Today, apparently some 'politician-y' lady came in to have a little chat with some of the school's more intellectual students. I'm sure most of you read what happened in SBHx's blog.
She was a bit of a wanker.

A bit arrogant and aloof, and ever so slightly controversial.
A bit like Sarah Palin with her Creationist views blabbering on about how the polar bears will be fine because they'll adapt (synonym: evolve [evolutionary theory? Fail?]). Anyway, her speech patterns sounded about as relevant as:

Yeah.

I really can't stand people thinking they're intelligent when they're actually about as sharp as a brick. They should all be banished to Alabama.
In Psychology, we are learning about gender.

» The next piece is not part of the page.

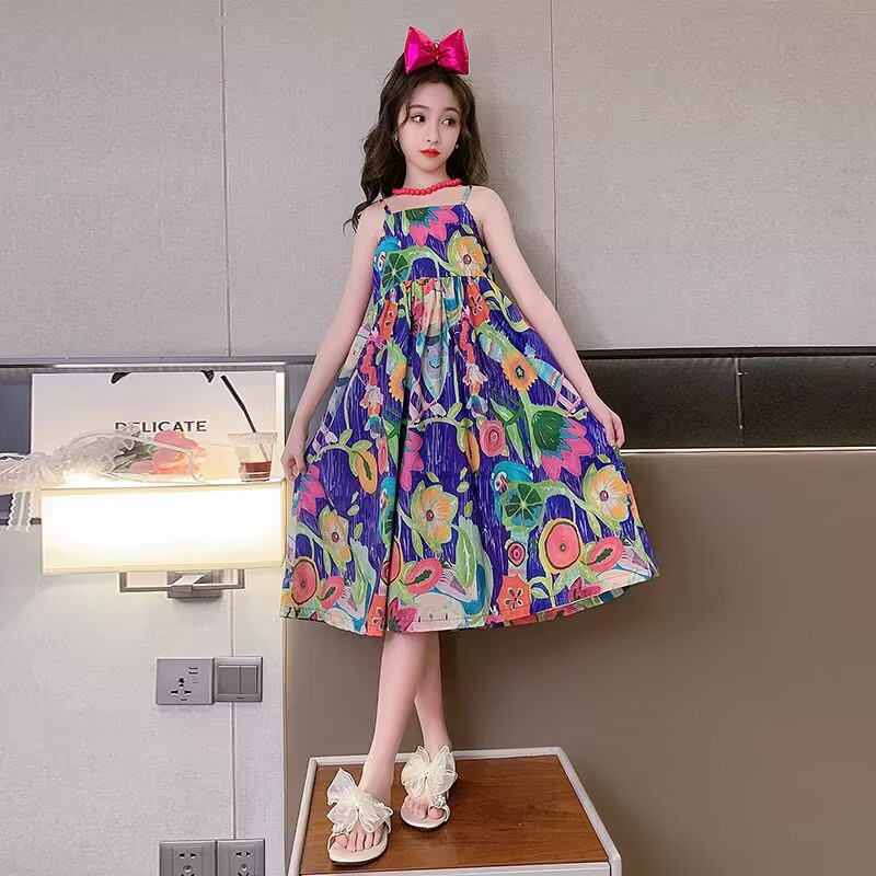 女童夏装薄款吊带裙新款中大童时髦油画连衣裙无袖宽松沙滩裙

One of the areas we've touched on is why men rape women. There are many totally irrelevant and inappropriate theories, one being that men do it because they are unable to 'maintain their status' (unable to pull) so they jump on any reasonably attractive and young woman in order to 'ensure reproductive success' (get her pregnant).
Excuse me? Since when do men engage in casual sex for baby making? Are they even aware that sex can result in babies? A majority of the male population need to be trapped inside a marriage before they'll even contemplate having children. I doubt rape is a get out of jail card from their genetic dead end.
And isn't ironic how most men won't even look twice at girls in bars unless they're shoe-horned into a tiny skirt with liberal amounts of cleavage on show? It's a delicate balance, I'm telling you. Tomorrow night, for example, I'll probably* wear heels and a relatively short skirt, however there will be NO cleavage. I'm going to be practically strapping them down*.
None. It's a bloody honey trap. And once you accidentally reel them in, there is no escape.
Next thing you know....
You're Facebook friends.
*(Definitely)
**(Do you guys have any idea how lucky you are? Ever tried running up stairs with boobs and no bra? Didn't think so.)